> _WHAT IS EXPECTED_
As the answer, give exactly the lines of the records below from the one with "LETOU - 乐投(中文)官方科技及东莞杰拓的一级、二级部门长,股权激励对象等相聚一堂,共同见证了公司的这一重要时刻。" through the one with "夏装蝴蝶印花男士短袖T恤男装网红同款韩版修身衣服男半袖体恤潮", ends included and pictures left out.

> _DATASET_
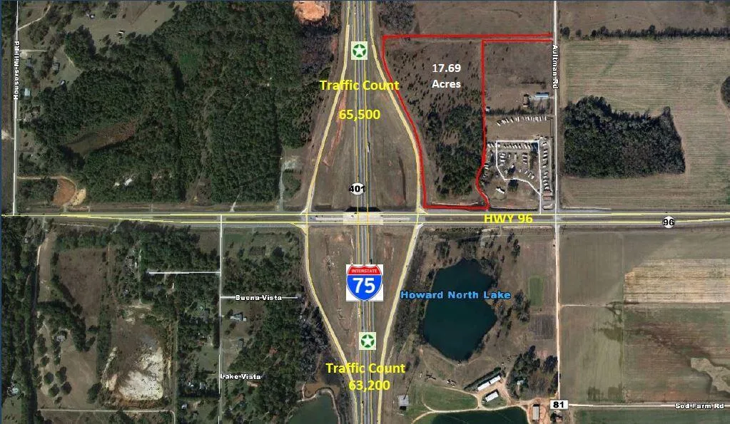 Great commercial development tract at the corner of Hwy 96 and Interstate 75. 17.69 acres offers plenty of room for many types of commercial development. Prime location with great visibility close proximity to shopping, restaurants and entertainment. Road frontage on I-75.
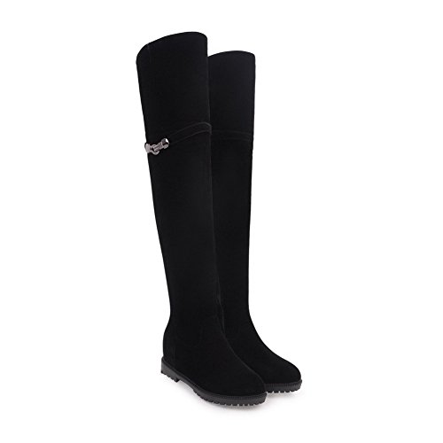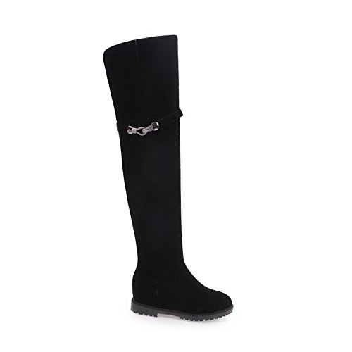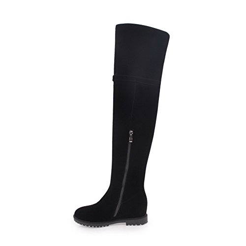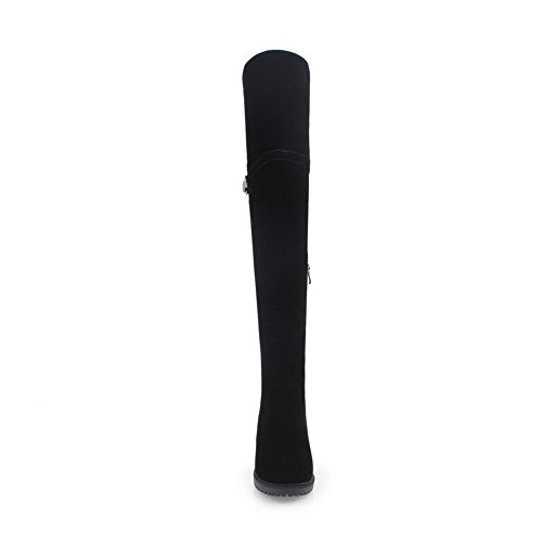 (BalaMasa)/Women's/Boots/DIRECT FROM USA/BalaMasa Womens Kitten-Heels Solid Above-The-Knee Above-The-Knee Suede Boots ABL09847
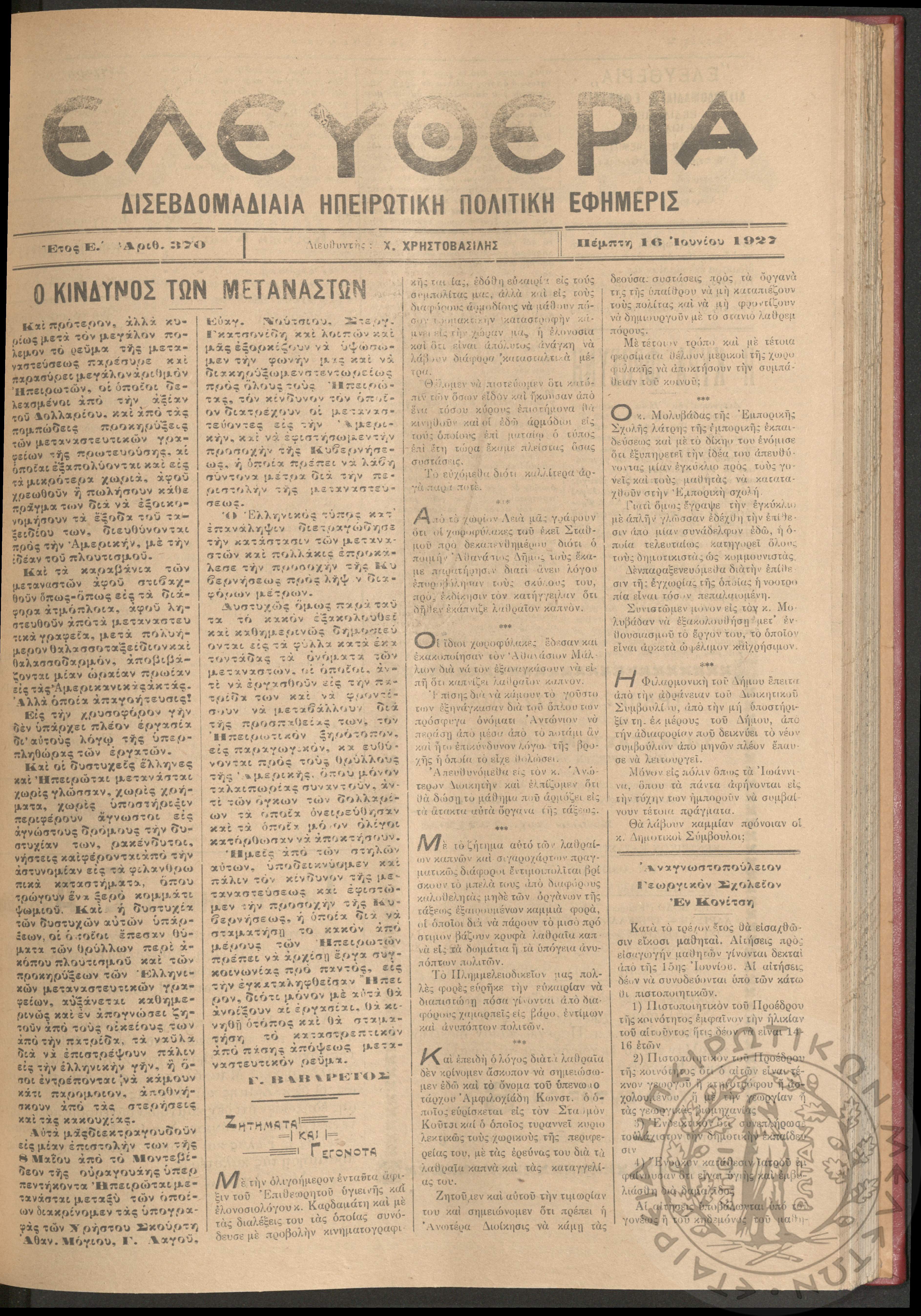 Ελευθερία: δισεβδομαδιαία Ηπειρωτική πολιτική εφημερίς, 1927, φ. 370
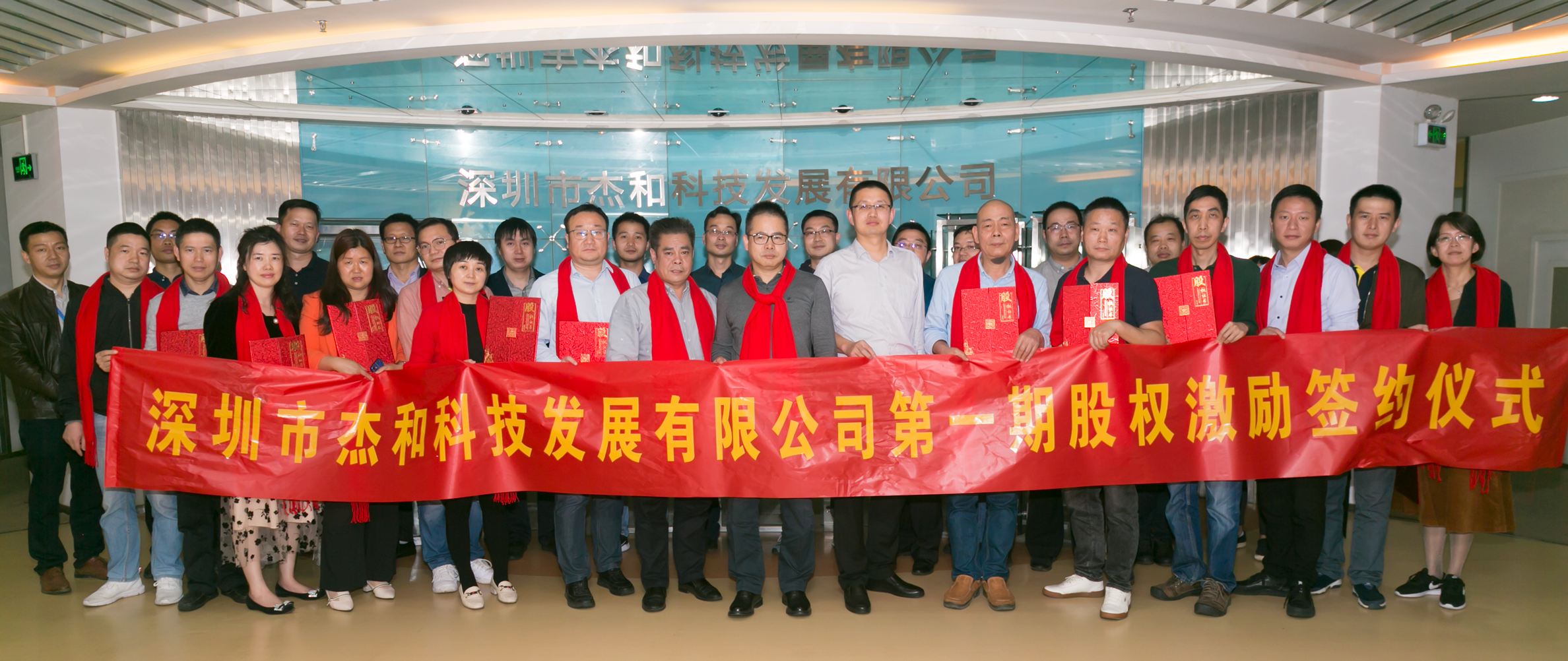 LETOU - 乐投(中文)官方科技及东莞杰拓的一级、二级部门长,股权激励对象等相聚一堂,共同见证了公司的这一重要时刻。
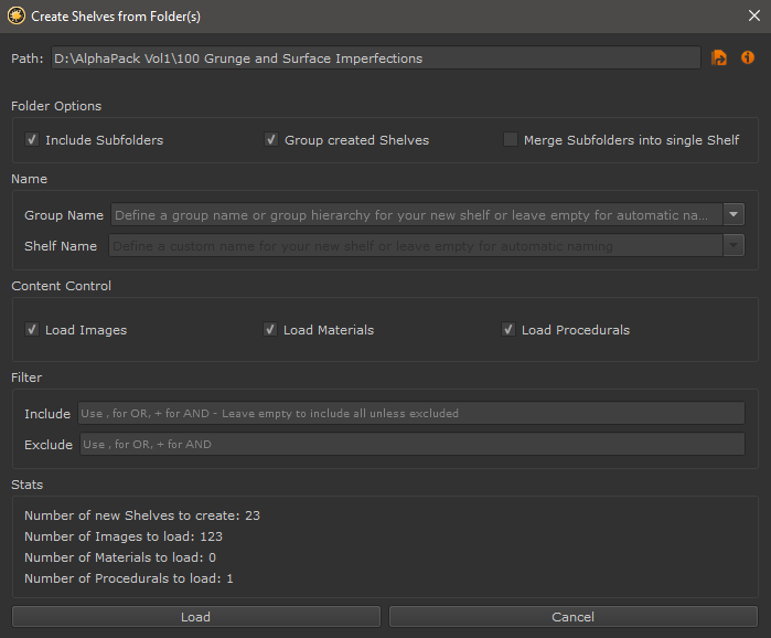 If checked, the contents of Subfolders of the supplied Path will be placed into a single Shelf with the Name of the Base Folder.
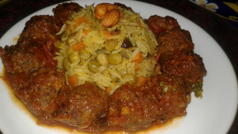 وتقلبيهم مع بعض ثم حطي نص علبه بازلاء وجزره مقطعه قطع صغيره وحركيهم مع البصل ثم الرز وحركي واغمريه ماء وسوي ملح ووطي النار تحته
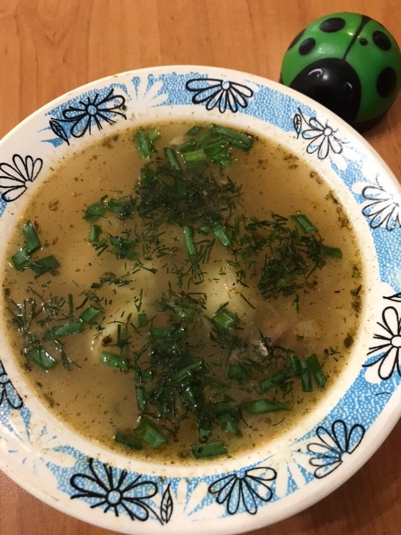 После обильных застолий этот суп очень подходит для утренней трапезы. В рецепте используются бараньи рёбрышки, которые я заменила просто куском баранины. Ингредиенты: бараньих ребрышек, картофелины, луковица, сливочного масла, соль, перец горошком, лаврушки, приправы для мяса, зелень укропа,кинзы,петрушки или ложку сухой приправы для баранины Способ приготовления: Лук мелко покрошить и обжарить на сливочном масле. Потом сюда добавляют рёбра и обжаривают. У меня вариант попроще. Кусок баранины на кости я поставила варить бульон с лавровым листом и половинкой луковицы. Варила 1 час. Затем добавила картофель, порезанный крупными кусочками, несколько горошин чёрного перца и посолила по вкусу. Варим до готовности картофеля 20 минут. За 5-7 минут до окончания добавляем жареный лук, специи для мяса и баранины. В этот момент можно добавить зелень. По желанию можно положить рубленый чеснок при подаче. Я посыпала зелёным луком и укропом. Очень вкусно!
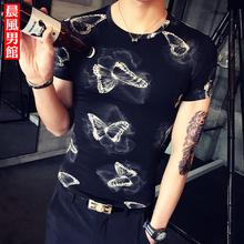 夏装蝴蝶印花男士短袖T恤男装网红同款韩版修身衣服男半袖体恤潮
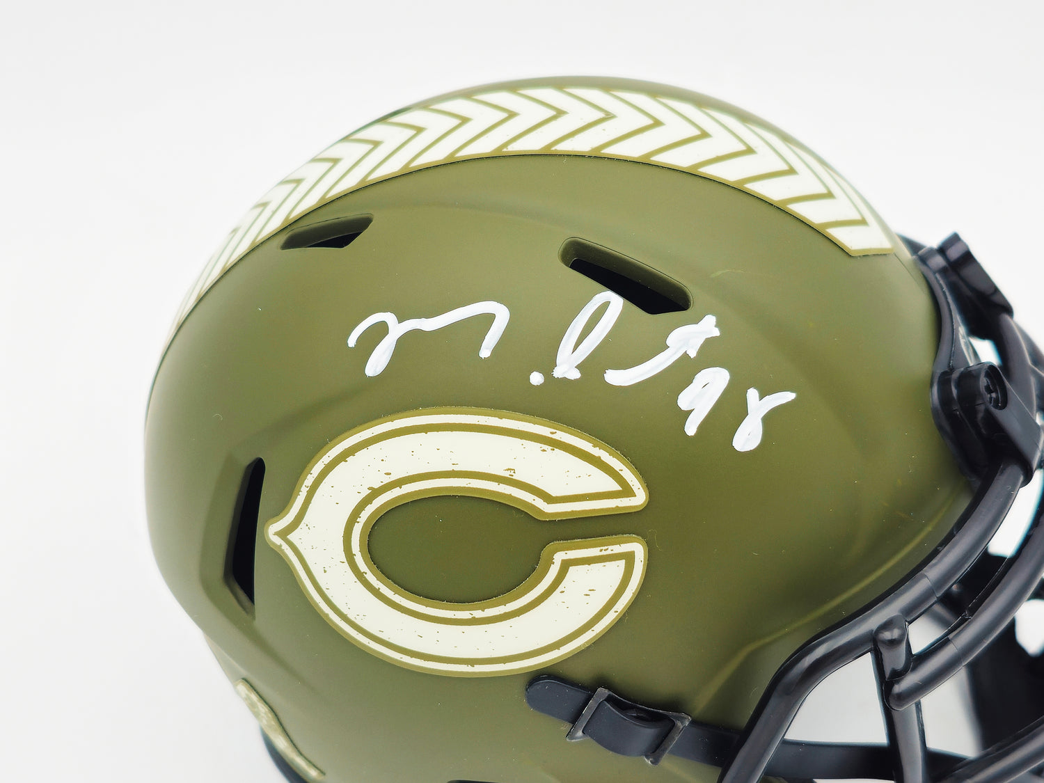 Own a piece of Chicago Bears history with this Chicago Bears Army Green Salute to Service Speed Mini Helmet, personally hand-signed by Montez Sweat. This exclusive collectible honors both the Bears and the NFL's commitment to supporting military service members.

> _TASK RESPONSE_
 LETOU - 乐投(中文)官方科技及东莞杰拓的一级、二级部门长,股权激励对象等相聚一堂,共同见证了公司的这一重要时刻。
 If checked, the contents of Subfolders of the supplied Path will be placed into a single Shelf with the Name of the Base Folder.
 وتقلبيهم مع بعض ثم حطي نص علبه بازلاء وجزره مقطعه قطع صغيره وحركيهم مع البصل ثم الرز وحركي واغمريه ماء وسوي ملح ووطي النار تحته
 После обильных застолий этот суп очень подходит для утренней трапезы. В рецепте используются бараньи рёбрышки, которые я заменила просто куском баранины. Ингредиенты: бараньих ребрышек, картофелины, луковица, сливочного масла, соль, перец горошком, лаврушки, приправы для мяса, зелень укропа,кинзы,петрушки или ложку сухой приправы для баранины Способ приготовления: Лук мелко покрошить и обжарить на сливочном масле. Потом сюда добавляют рёбра и обжаривают. У меня вариант попроще. Кусок баранины на кости я поставила варить бульон с лавровым листом и половинкой луковицы. Варила 1 час. Затем добавила картофель, порезанный крупными кусочками, несколько горошин чёрного перца и посолила по вкусу. Варим до готовности картофеля 20 минут. За 5-7 минут до окончания добавляем жареный лук, специи для мяса и баранины. В этот момент можно добавить зелень. По желанию можно положить рубленый чеснок при подаче. Я посыпала зелёным луком и укропом. Очень вкусно!
 夏装蝴蝶印花男士短袖T恤男装网红同款韩版修身衣服男半袖体恤潮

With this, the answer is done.